- _DATA BELOW_:
───
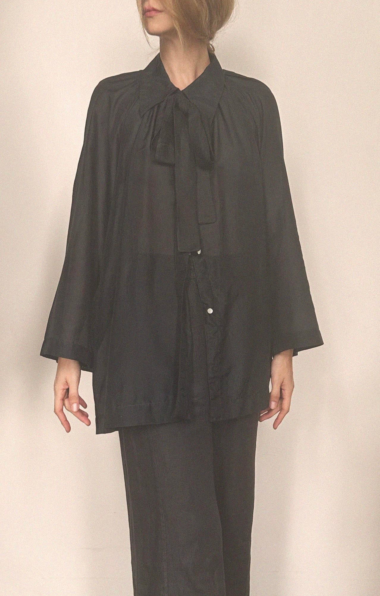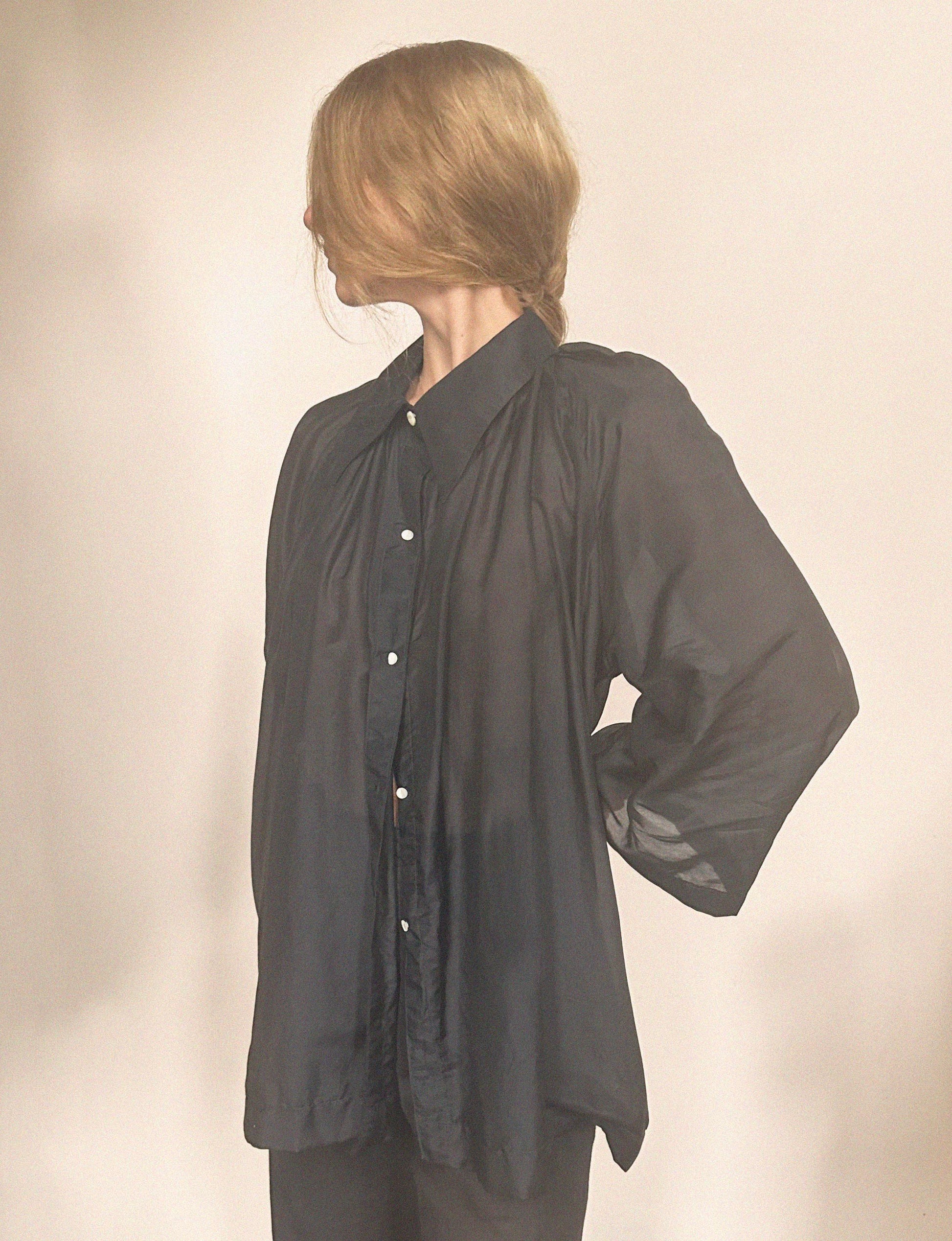 Loose cut, shirt collar, raglan sleeve, old mother-of-pearl buttons glued by hand. Hand wash in cold water or dry clean.
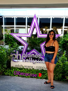 Model Anatural from Chicago is seen capturing her look in the hotel room mirror. She is dressed in a unique yellow outfit that adds a vibrant touch to the overall setting. The photo showcases her confidence and style, with her body language reflecting the fun-filled atmosphere of the location.
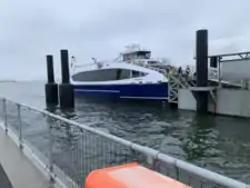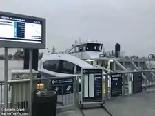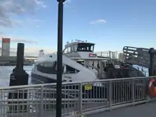 A fare for one trip was set at $2.75, the same as on other modes of transportation in New York City. Free transfers would be offered only to other NYC Ferry lines, meaning that riders would pay another fare if they transferred to one of the city's other mass-transit systems.[31] Transfers to other lines would be issued on request.[32] Prior to the implementation of NYC Ferry, other ferry lines in the city had weekday and weekend fares of $4 and $6, respectively.[33] The relatively low fare of NYC Ferry was made in contrast to some other major cities like San Francisco and Sydney, where ferry fares are higher than the fares of other modes of mass transit in these cities. The city said that the low ferry fares were intended to make the ferries affordable, while de Blasio stated that it is intended to promote "transit equity".[4] Assuming that the ferry system met the projection of 4.5 million annual riders, the city would pay a subsidy of $6.60 per rider, making the ferry the third-most subsidized form of transportation in the city, after the express bus service and the Long Island Rail Road.[34]
───
- _PROBLEM TO SOLVE_: Transcribe all of the listing precisely. The images stay out of it.

- _RESULT BELOW_:
 Loose cut, shirt collar, raglan sleeve, old mother-of-pearl buttons glued by hand. Hand wash in cold water or dry clean.
 Model Anatural from Chicago is seen capturing her look in the hotel room mirror. She is dressed in a unique yellow outfit that adds a vibrant touch to the overall setting. The photo showcases her confidence and style, with her body language reflecting the fun-filled atmosphere of the location.
 A fare for one trip was set at $2.75, the same as on other modes of transportation in New York City. Free transfers would be offered only to other NYC Ferry lines, meaning that riders would pay another fare if they transferred to one of the city's other mass-transit systems.[31] Transfers to other lines would be issued on request.[32] Prior to the implementation of NYC Ferry, other ferry lines in the city had weekday and weekend fares of $4 and $6, respectively.[33] The relatively low fare of NYC Ferry was made in contrast to some other major cities like San Francisco and Sydney, where ferry fares are higher than the fares of other modes of mass transit in these cities. The city said that the low ferry fares were intended to make the ferries affordable, while de Blasio stated that it is intended to promote "transit equity".[4] Assuming that the ferry system met the projection of 4.5 million annual riders, the city would pay a subsidy of $6.60 per rider, making the ferry the third-most subsidized form of transportation in the city, after the express bus service and the Long Island Rail Road.[34]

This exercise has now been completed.